#### TASK OBJECTIVE:
Everything below from the line with "Charge While You" through the line with "Third NHL Jersey" should be copied exactly, and nothing else; leave out the pictures.

#### GIVEN DATA:
——

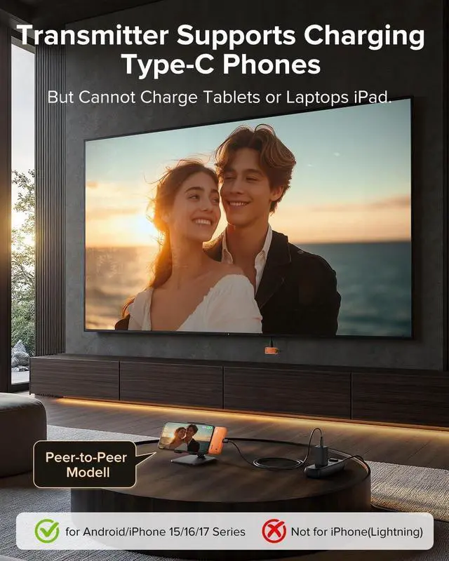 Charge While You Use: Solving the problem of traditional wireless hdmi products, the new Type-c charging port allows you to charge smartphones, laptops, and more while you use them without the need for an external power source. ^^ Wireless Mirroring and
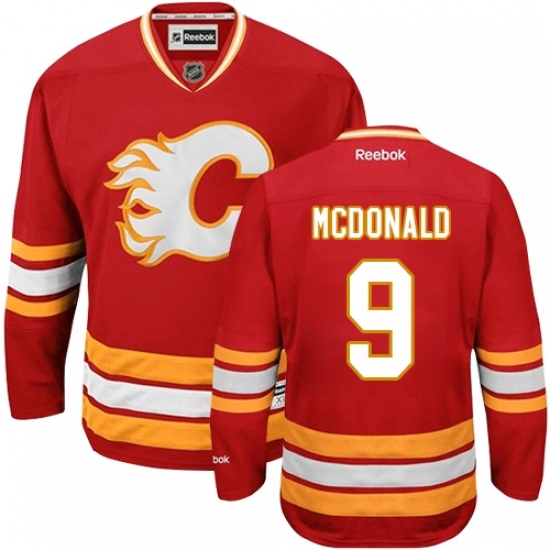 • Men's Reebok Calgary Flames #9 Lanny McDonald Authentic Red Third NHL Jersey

——

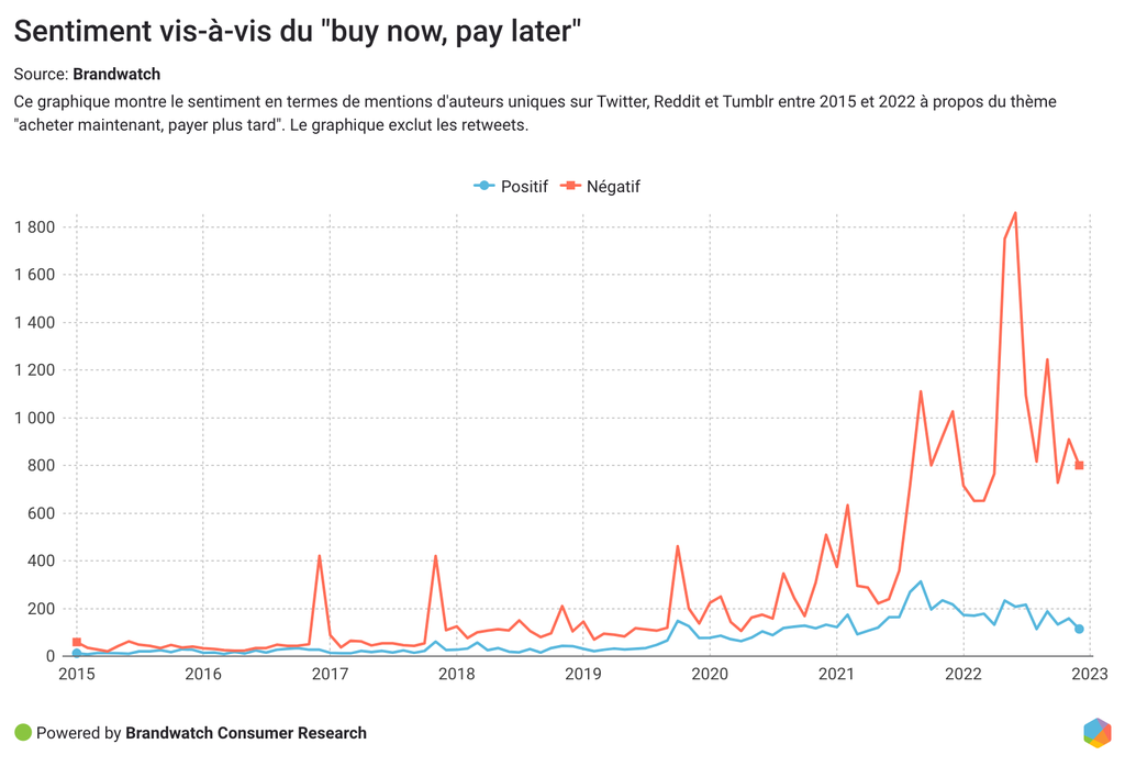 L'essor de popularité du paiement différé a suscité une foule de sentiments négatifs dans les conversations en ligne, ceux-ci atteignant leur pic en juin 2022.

——

#### ANSWER TO THE PROBLEM:
 Charge While You Use: Solving the problem of traditional wireless hdmi products, the new Type-c charging port allows you to charge smartphones, laptops, and more while you use them without the need for an external power source. ^^ Wireless Mirroring and
 • Men's Reebok Calgary Flames #9 Lanny McDonald Authentic Red Third NHL Jersey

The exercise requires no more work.